# TRY IT:
Each line of the listing, apart from the pictures, is to be printed exactly.
BEGIN DATA EXCERPT
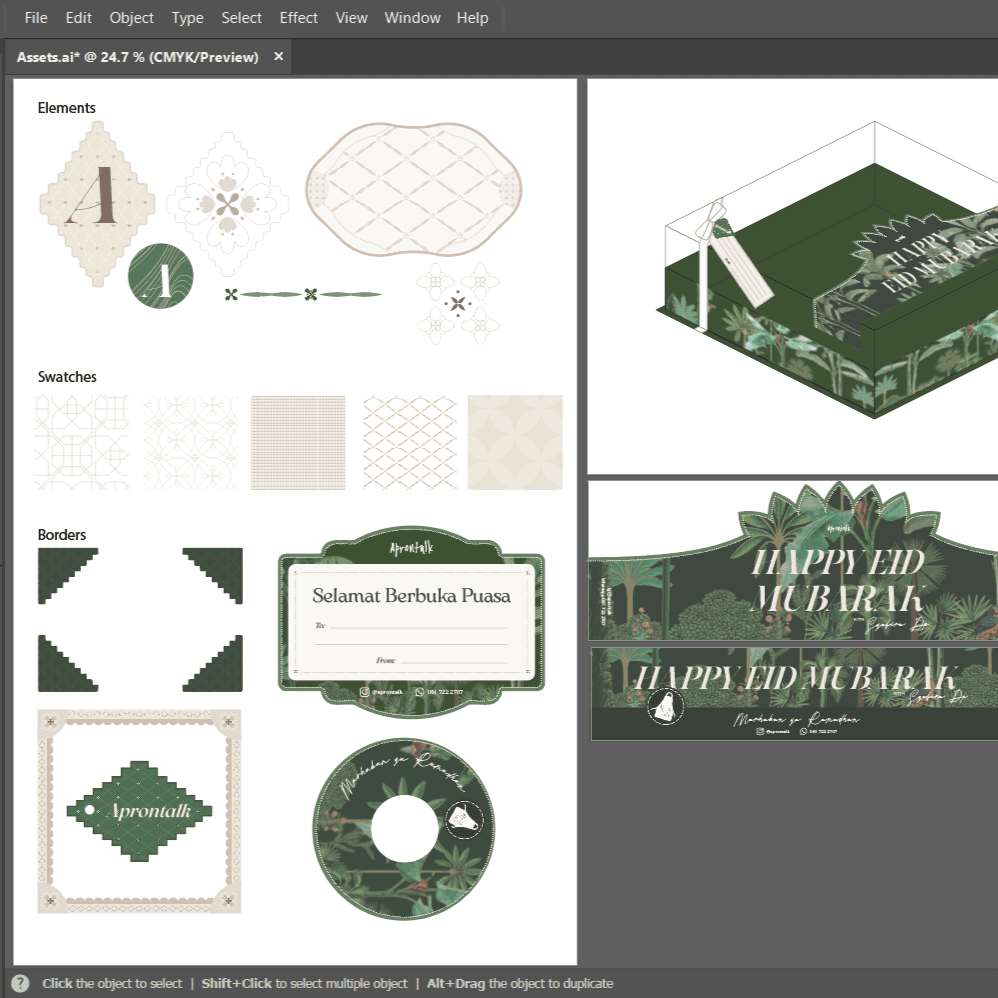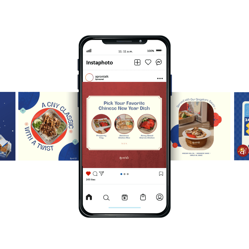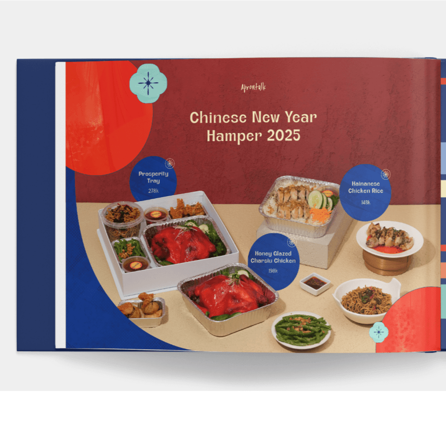 An in-house brand packaging design exploration for Aprontalk's Christmas, Lunar New Year, Cap Go Meh, and Ramadan packaging design. Each design feels festive, all while still keeping brand consistency at the forefront of my creative decision. This exploration included tailored illustrations, color palettes, typography, and design assets, as well as product photography to highlight the menus for each holiday.
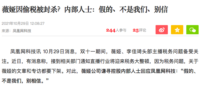 其实早在今年10月29日,也就是近2个月前,就有“薇娅涉及税收问题被媒体封杀”的传言出来:
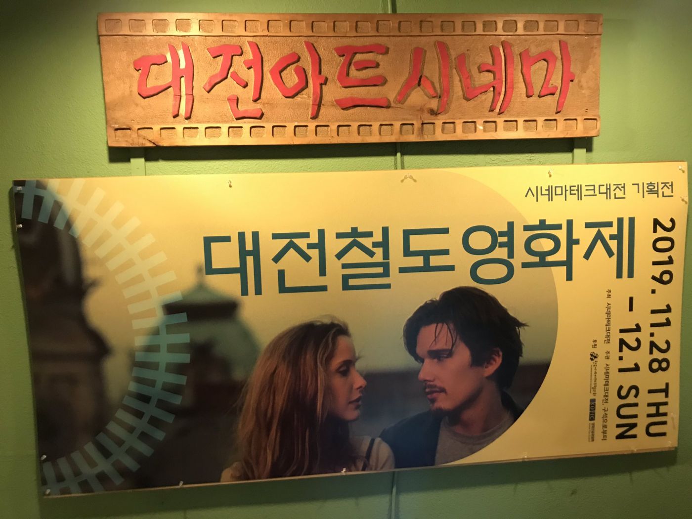 ด้วยความที่เราเป็นคนที่ชอบดูหนังเวลาอยู่ที่ไทยว่างเมื่อไหร่ก็จะหาเวลาเข้าโรงหนังไม่ก็นอนดูเน็ตฟลิกที่บ้าน ดังนั้นตอนนี้ถึงแม้ว่าเราจะอยู่ที่เมืองแดจอน ประเทศเกาหลี เราก็ไม่พลาดที่จะไปแวะเวียนโรงหนังของที่นี่ แต่กับเทศกาลหนังสำหรับเราเป็นประสบการณ์ที่ใหม่มากเพราะอยู่ไทยน้อยครั้งมากที่เราจะไปเทศกาลหนัง จุดเริ่มต้นของการไปเทศกาลหนัง Daejoen cine rail festival 2019 เกิดจากเรารู้จักน้องคนไทยที่เรียนด้านมีเดียมอข้างๆน้องเรียนเกี่ยวกับการทำหนังพอรู้ว่าเราชอบดูหนังเลยมาชวนไปงานนี้ เทศกาลนี้จัดขึ้นโดยDaejeon Art Cinema ซึ่งเป็นโรงหนังขนาดเล็กๆในเมืองนี้ที่ฉายหนังนอกกระแสทั้งเก่าและใหม่มาฉาย ทั้งหนังเกาหลีและหนังต่างชาติ(ซับเกาหลี)
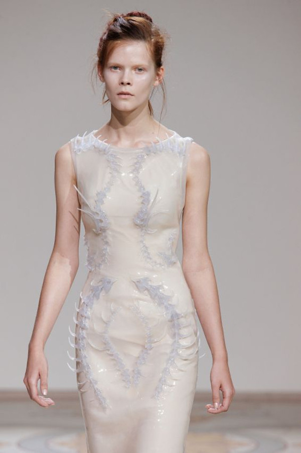 圖二:這條連衣裙是由很多通過3D打印的透明“布片”手工拼接而成。
END DATA EXCERPT
# RESULT BELOW:
 An in-house brand packaging design exploration for Aprontalk's Christmas, Lunar New Year, Cap Go Meh, and Ramadan packaging design. Each design feels festive, all while still keeping brand consistency at the forefront of my creative decision. This exploration included tailored illustrations, color palettes, typography, and design assets, as well as product photography to highlight the menus for each holiday.
 其实早在今年10月29日,也就是近2个月前,就有“薇娅涉及税收问题被媒体封杀”的传言出来:
 ด้วยความที่เราเป็นคนที่ชอบดูหนังเวลาอยู่ที่ไทยว่างเมื่อไหร่ก็จะหาเวลาเข้าโรงหนังไม่ก็นอนดูเน็ตฟลิกที่บ้าน ดังนั้นตอนนี้ถึงแม้ว่าเราจะอยู่ที่เมืองแดจอน ประเทศเกาหลี เราก็ไม่พลาดที่จะไปแวะเวียนโรงหนังของที่นี่ แต่กับเทศกาลหนังสำหรับเราเป็นประสบการณ์ที่ใหม่มากเพราะอยู่ไทยน้อยครั้งมากที่เราจะไปเทศกาลหนัง จุดเริ่มต้นของการไปเทศกาลหนัง Daejoen cine rail festival 2019 เกิดจากเรารู้จักน้องคนไทยที่เรียนด้านมีเดียมอข้างๆน้องเรียนเกี่ยวกับการทำหนังพอรู้ว่าเราชอบดูหนังเลยมาชวนไปงานนี้ เทศกาลนี้จัดขึ้นโดยDaejeon Art Cinema ซึ่งเป็นโรงหนังขนาดเล็กๆในเมืองนี้ที่ฉายหนังนอกกระแสทั้งเก่าและใหม่มาฉาย ทั้งหนังเกาหลีและหนังต่างชาติ(ซับเกาหลี)
 圖二:這條連衣裙是由很多通過3D打印的透明“布片”手工拼接而成。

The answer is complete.